(Records from a collection)
________

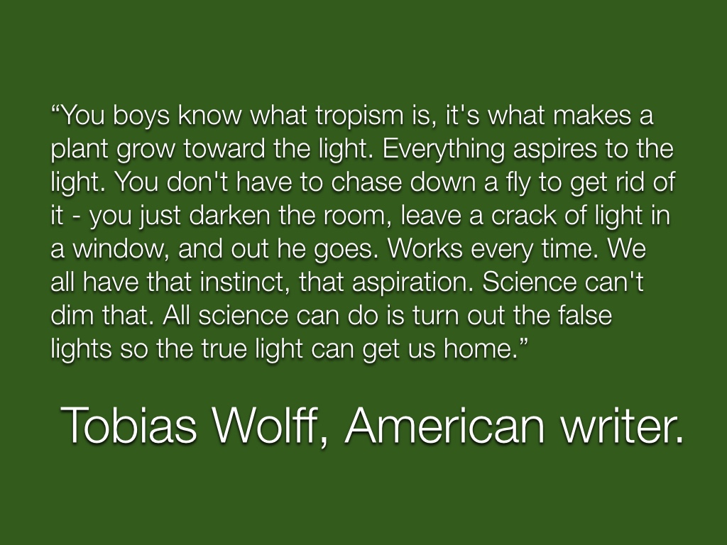You boys know what tropism is, it’s what makes a plant grow toward the light. Everything aspires to the light. You don’t have to chase down a fly to get rid of it – you just darken the room, leave a crack of light in a window, and out he goes. Works every time. We all have that instinct, that aspiration. Science can’t dim that. All science can do is turn out the false lights so the true light can get us home.
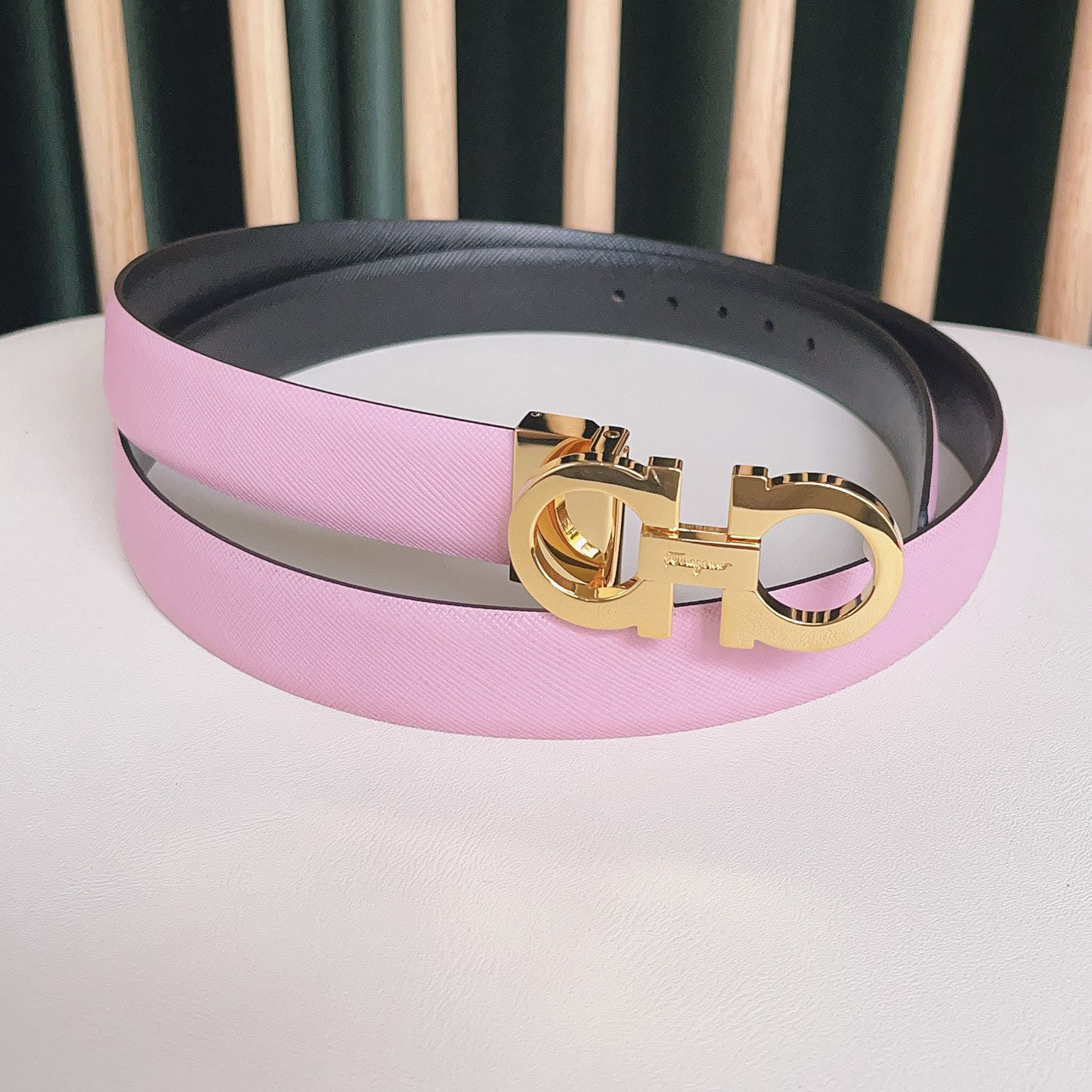 Ferragamo Women’s Double Gancini Reversible Belt In Blue/Pink/Red/Purple/Black/Brown/White/Navy Blue Calfskin With Gold/Silver Hardware 25mm
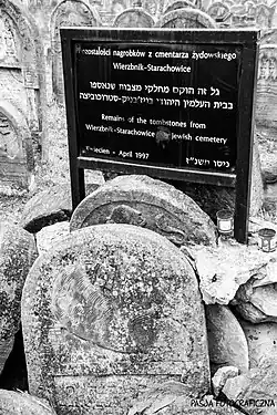 - ↑ K. Bielawski: Cmentarz żydowski w Starachowicach. [dostęp 2013-02-09]. Daty nagrobków wskazują na to, że pochówki były dokonywane przed 1891, czyli datą powstania cmentarza. Autor przypuszcza, że w 1891 uregulowano stan prawny działki cmentarnej.
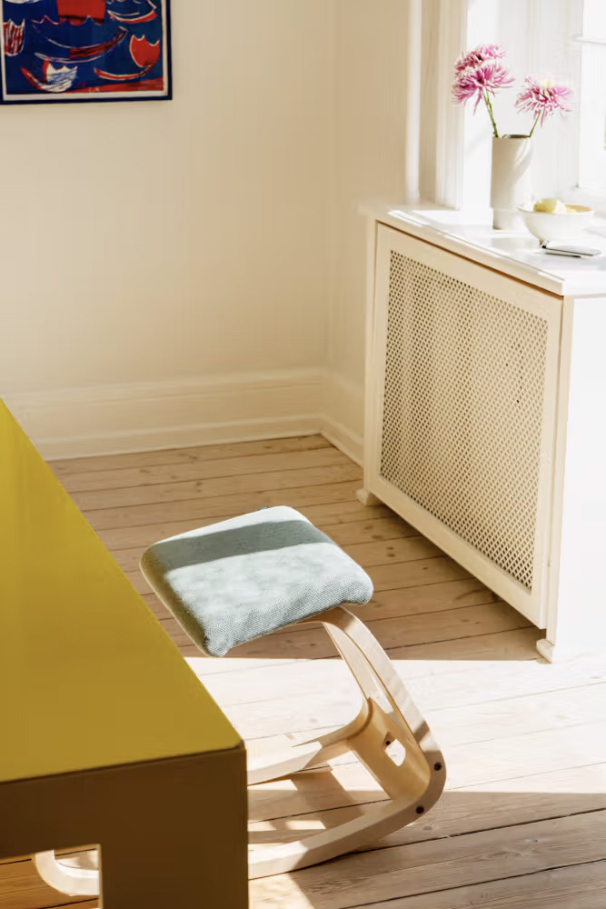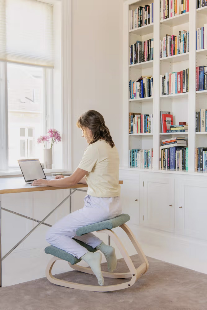 Progettata da Peter Opsvik nel 1979, Variable balans è la sedia con appoggio delle ginocchia originale.
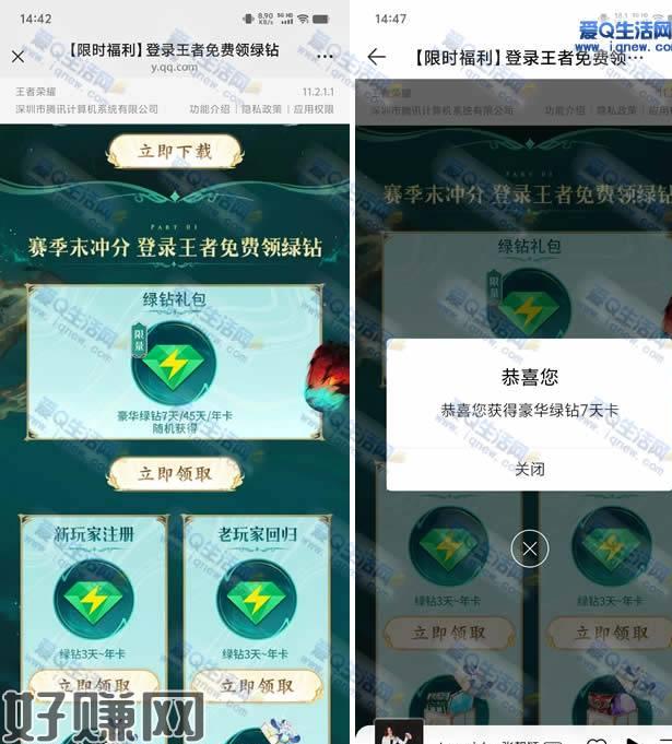 登录王者荣耀(可以腾讯先锋)-打开活动页面-下拉领取7-365天会员
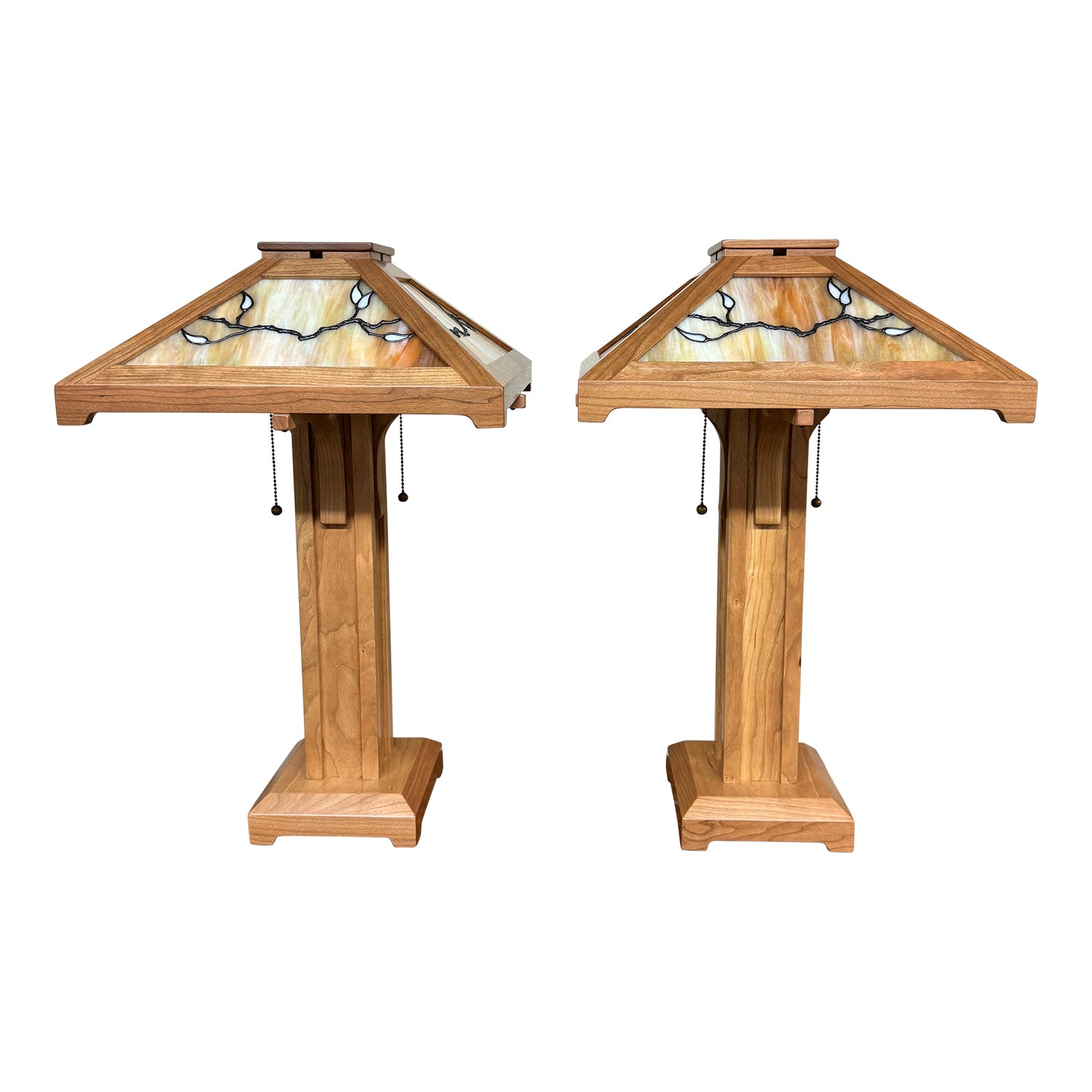 Design Plus Gallery presents a Pair of Vista Stained Glass Table Lamps by Craftsman Studio. The Arts & Crafts style table lamp is beautifully crafted from white oak with copper foil art glass shade. Each lamp has corbeled shade supports and large base with a signature craftsman style feel. Opalescent glass creates a variegated background to the twisting branches depicted. Holds two 60 watt max light bulbs with double pull chains. Little evidence of wear; condition is good for age and use.
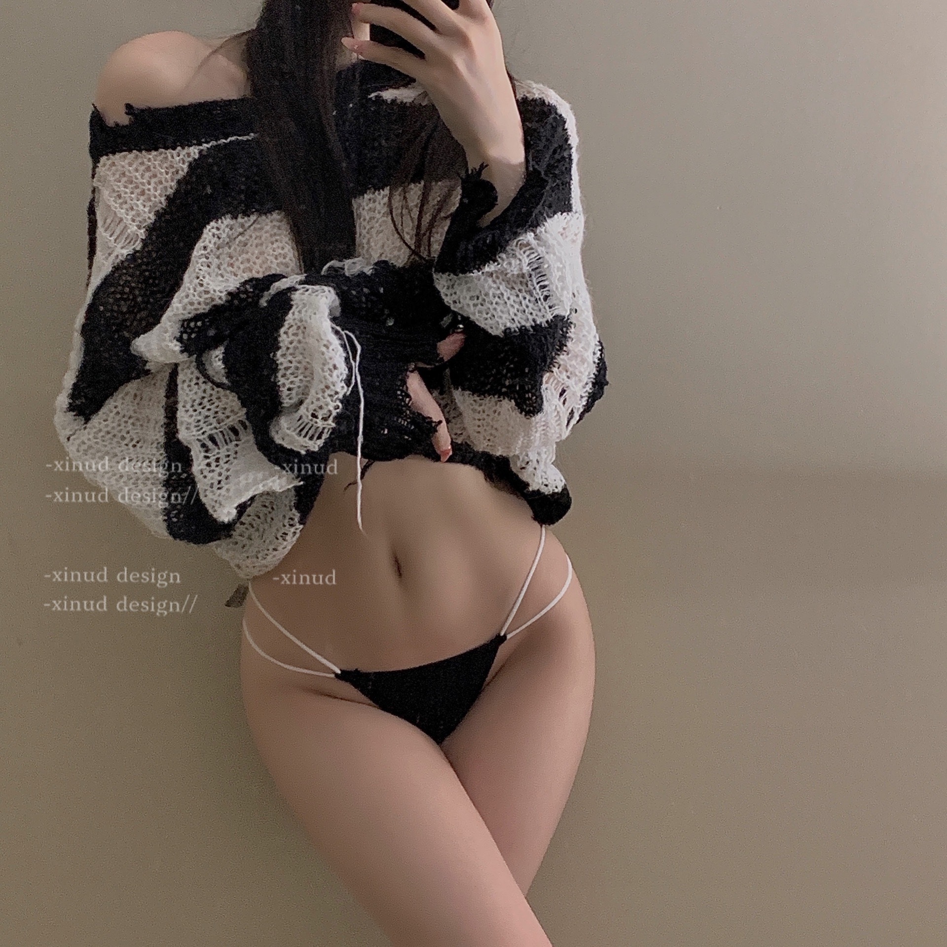 『Hottie』セクシーな双帯t字ズボンの女性欧米のシンプルな純綿の白黒は色の細い三角形の下着の女性にぶつかります。
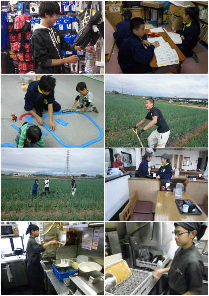 「その1」はバスケットボール専門店、児童館、農園、飲食関係のお店で働いている写真です。
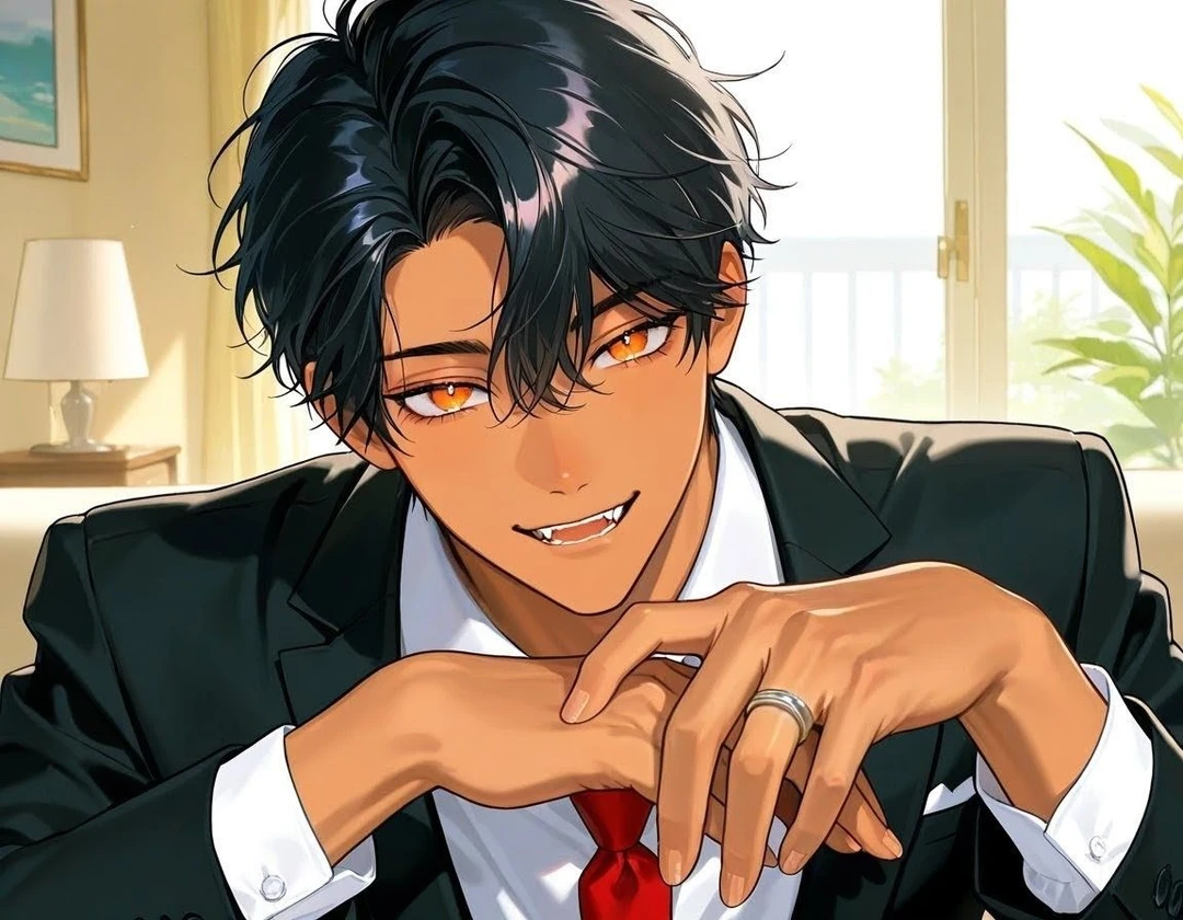 彼はしばらくその温もりと重みを堪能していたが、やがて重たい瞼をゆっくりと持ち上げた。現れたのは、まだ眠たげな、潤んだ橙色の瞳。
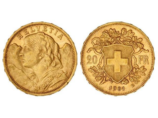 WORLD COINS: SWITZERLAND - 20 Francos. 1901-B. AU. (Pequeño golpecito en gráfila). KM-35.1. EBC.
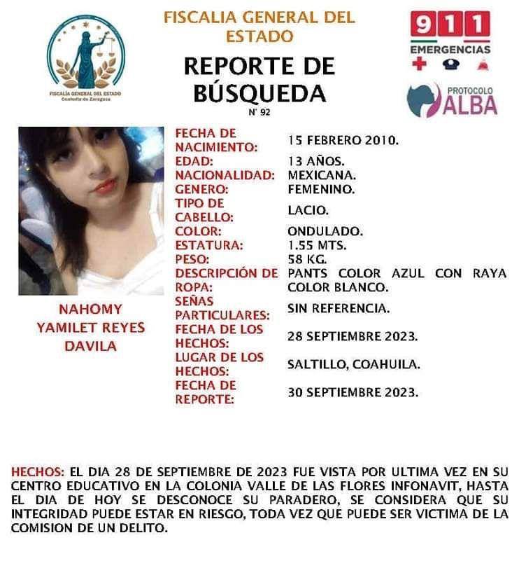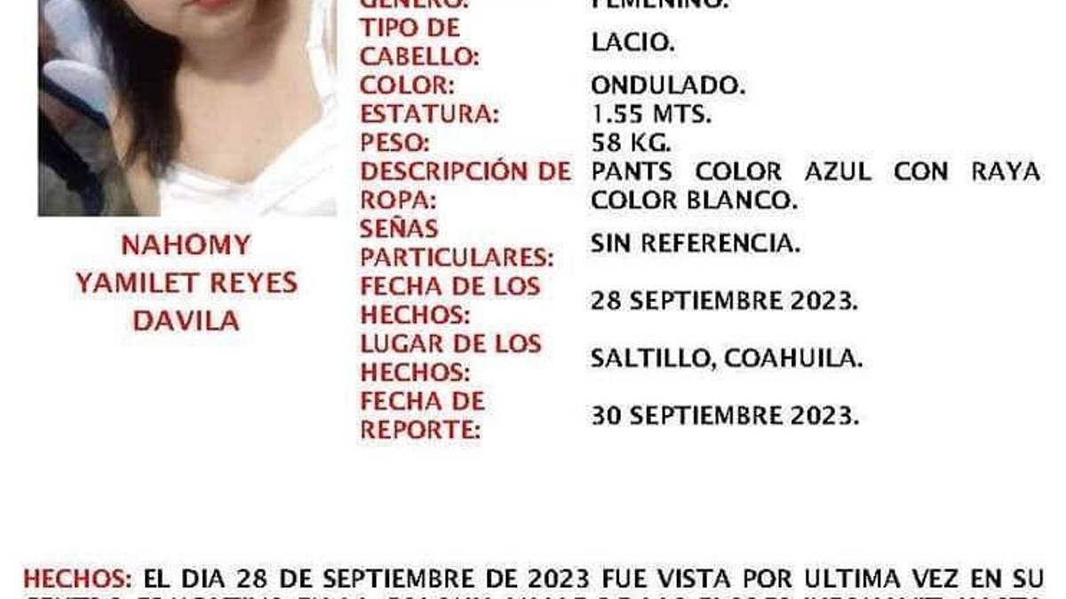 La última vez que se tuvo noticias de Nahomy Yamilet fue el 28 de septiembre en Saltillo. Salió de su casa en dirección a la escuela, donde fue vista por compañeros y maestros. Sin embargo, ese jueves no regresó a su hogar, lo que desató una búsqueda desesperada por parte de su madre y su familia. Se solicita la colaboración de la comunidad para encontrarla.
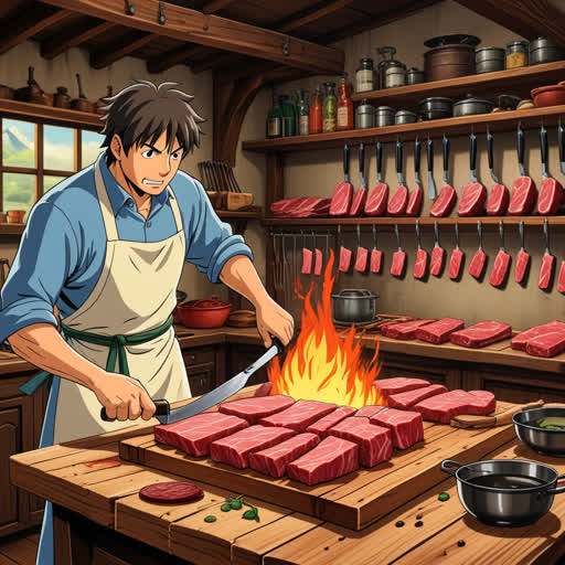 In a faraway forest, there lived a strong lumberjack named 'Abboud'. Every morning, he would carry his axe and go to the trees. When he found a large tree, he would start to 'chop chop' with his axe, cutting the branches first and then the tree trunk with strength and determination. The sound of the axe 'chop' echoed everywhere, and each 'chop' brought him closer to finishing his work. In the evening, he would return home to find his wife had prepared delicious 'lamb chops' for dinner, which she meticulously cut before cooking. Thus, his entire life revolved around 'chop', whether in the forest or in the kitchen.

________

- **Exercise requirements**:
Omit each image and transcribe the remaining records word for word.

- **Solution for this task**:
You boys know what tropism is, it’s what makes a plant grow toward the light. Everything aspires to the light. You don’t have to chase down a fly to get rid of it – you just darken the room, leave a crack of light in a window, and out he goes. Works every time. We all have that instinct, that aspiration. Science can’t dim that. All science can do is turn out the false lights so the true light can get us home.
 Ferragamo Women’s Double Gancini Reversible Belt In Blue/Pink/Red/Purple/Black/Brown/White/Navy Blue Calfskin With Gold/Silver Hardware 25mm
 - ↑ K. Bielawski: Cmentarz żydowski w Starachowicach. [dostęp 2013-02-09]. Daty nagrobków wskazują na to, że pochówki były dokonywane przed 1891, czyli datą powstania cmentarza. Autor przypuszcza, że w 1891 uregulowano stan prawny działki cmentarnej.
 Progettata da Peter Opsvik nel 1979, Variable balans è la sedia con appoggio delle ginocchia originale.
 登录王者荣耀(可以腾讯先锋)-打开活动页面-下拉领取7-365天会员
 Design Plus Gallery presents a Pair of Vista Stained Glass Table Lamps by Craftsman Studio. The Arts & Crafts style table lamp is beautifully crafted from white oak with copper foil art glass shade. Each lamp has corbeled shade supports and large base with a signature craftsman style feel. Opalescent glass creates a variegated background to the twisting branches depicted. Holds two 60 watt max light bulbs with double pull chains. Little evidence of wear; condition is good for age and use.
 『Hottie』セクシーな双帯t字ズボンの女性欧米のシンプルな純綿の白黒は色の細い三角形の下着の女性にぶつかります。
 「その1」はバスケットボール専門店、児童館、農園、飲食関係のお店で働いている写真です。
 彼はしばらくその温もりと重みを堪能していたが、やがて重たい瞼をゆっくりと持ち上げた。現れたのは、まだ眠たげな、潤んだ橙色の瞳。
 WORLD COINS: SWITZERLAND - 20 Francos. 1901-B. AU. (Pequeño golpecito en gráfila). KM-35.1. EBC.
 La última vez que se tuvo noticias de Nahomy Yamilet fue el 28 de septiembre en Saltillo. Salió de su casa en dirección a la escuela, donde fue vista por compañeros y maestros. Sin embargo, ese jueves no regresó a su hogar, lo que desató una búsqueda desesperada por parte de su madre y su familia. Se solicita la colaboración de la comunidad para encontrarla.
 In a faraway forest, there lived a strong lumberjack named 'Abboud'. Every morning, he would carry his axe and go to the trees. When he found a large tree, he would start to 'chop chop' with his axe, cutting the branches first and then the tree trunk with strength and determination. The sound of the axe 'chop' echoed everywhere, and each 'chop' brought him closer to finishing his work. In the evening, he would return home to find his wife had prepared delicious 'lamb chops' for dinner, which she meticulously cut before cooking. Thus, his entire life revolved around 'chop', whether in the forest or in the kitchen.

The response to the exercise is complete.